Title: Smoke in the Glass





Author: Chris Humphreys





Publisher:  Gollancz





Publication Date:  May 16, 2019





Genres: Epic Fantasy





Shelves: Transgender





Smoke in the Glass begins with a simple concept, exploring what it means to be immortal in four different cultures, each of which is socially and geographically isolated from the others. What we have here are four lands with different historical influences (including Norse and Aztec), separated from one another by unscalable mountains, impassable seas, and things like noxious marshes.





Three of these lands are connected by the story of a visitor who came to them hundreds of years ago, bestowing upon the people the gift (or curse) of immortality. That immortality is random, something for which you cannot breed or train, and the only way to know you're immortal is to die . . . and return . . . often in terror and agony. As for the fourth land? They were visited much later, and their gift was not immortality but the hope of prophecy.





Immortality is often a dangerous thing, a storytelling trope that backs the author into a corner and drains the story of any significant tension or mystery, but Chris Humphreys averts that by opening the story with the assassination of an immortal. You see, even immortals can die, so long as their heads are removed and their bodies destroyed - and in that order. Right away, we know we're reading something different, even moreso once we understand that while immortals may be respected as Kings or worshiped as Gods, they are also lonely, squabbling, tired humans.





There are three main narrative points-of-view here. The first is Ferros, a common soldier who is slain by archers in the first chapter, and who discovers that in gaining immortality he stands to lose everything that has ever mattered to him. The second is Atisha, favored of the immortal Intitepe, and mother of the sexless/intersex child who embodies the hope of prophecy . . . who must die to ensure their father's continued reign. Last is Luck, the hunchbacked immortal of the Norse-influenced tribes who is the first to suspect that somebody is hunting immortals. Of the three, I waxed and waned in my appreciation for Ferros, although the way his arc leads the book into its climax is fantastic. Atisha I was fascinated by, with her sisters in the City of Women a highlight of the story, but I suspect her role will grow in the next book. Luck, the unusual hero with the almost archetypal heroic quest, was definitely my favorite.

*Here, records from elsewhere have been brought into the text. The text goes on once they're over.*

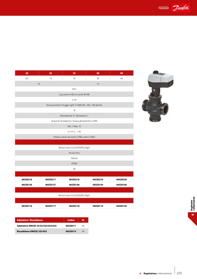 Tenuta ermetica "buggle right" A-AB/B-AB - AB≤ 1,0% del Kvs
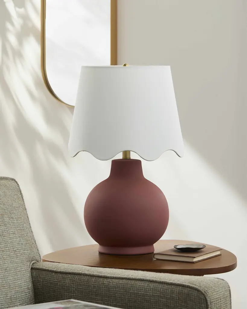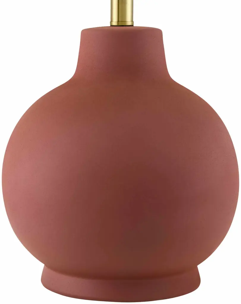Collection: Ranshofen Colors: Dark Red, White, Metallic Gold, Translucent Material: Body: Ceramic / Base: Iron / Shade (Outside): Linen / Shade (Inside): Polyester / Finial: Iron Styles: Traditional Made In: China Lighting Type: Accent Table Lighting Base: Iron Shade Material: Linen, Polyester Shade Color: White Cord Length: 6' Switch Type: On/Off Number of Bulbs: 1 Socket Type: E-26 Bulb Wattage: 100W
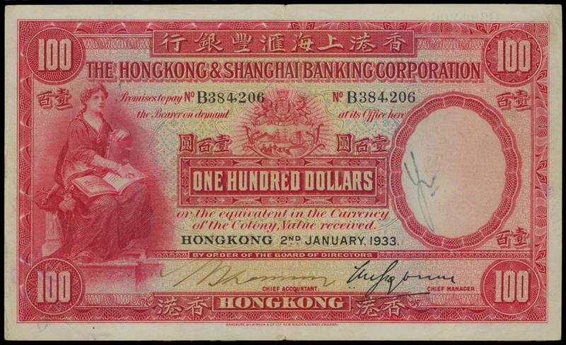 Hong Kong and Shanghai Banking Corporation, $100, 2 January 1933, serial number B384206, red on multicolour underprint, maiden at left, arms top centre, value at centre and each corner, manuscript signature at low left, printed signature low right, reverse red, bank building at centre, angel above, serial numbers at four corners,
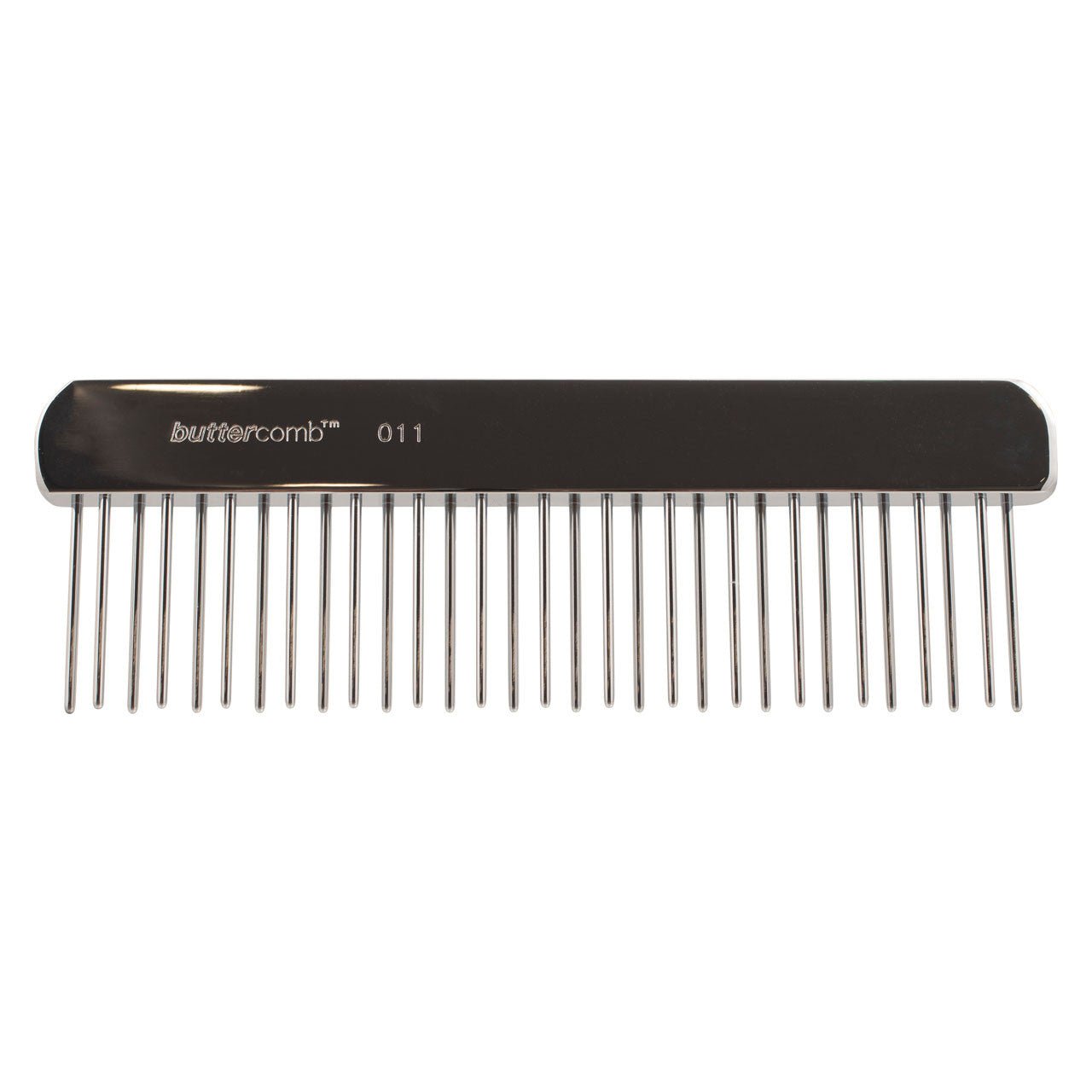 This Chris Christensen Buttercomb is designed to quickly and safely remove mats and tangles from your pet’s coat. This heavyweight de-matting comb uses it’s own weight to glide through the coat without breakage.
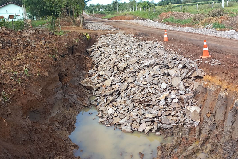 O trecho que está em obra está sinalizado e requer atenção redobrada dos motoristas. O local vai receber pavimentação asfáltica. A empresa Conpasul é a responsável pela obra.
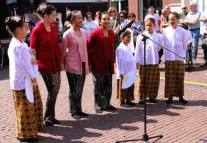 Terwijl de lokale Menarigroep het lied ‘Tanna Subé’ zingt, verzamelen zich steeds meer bezoekers voor het podium. Het belooft een dag vol muzikale afwisseling te worden op deze Pasar Maluku. Stichting Ain ni Ain heeft haar best gedaan om de cultuur en culinaire kunsten van de Molukken naar Helmond te krijgen. De markt staat vol kleurrijke kramen. Naast kleding en snuisterijen is er vooral eten. Véél eten. Ook aanwezig is Stichting Landelijk Moluks Monument om aandacht te vragen voor het monument dat op 20 juni 2026 in Rotterdam wordt onthuld.

Smoke in the Glass is a difficult book to get into. There's a lot thrown at the reader, and it takes a while before we can begin to glimpse how and why it is all destined to come together. Once it begins to click into place, though, the story sucks you in and races along, demanding you devour just one more chapter before stopping . . . and one more after that, since it would be a shame to stop now. It was that rare book where I honestly couldn't see the end, where I had no idea how those threads would pull together, which made the climax - cliffhanger that it is, with surprise character gut-punch that it carries - all the more appreciated.





Rating: ♀ ♀ ♀ ♀





My sincere thanks to the publisher for sending me an ARC in exchange for an honest review.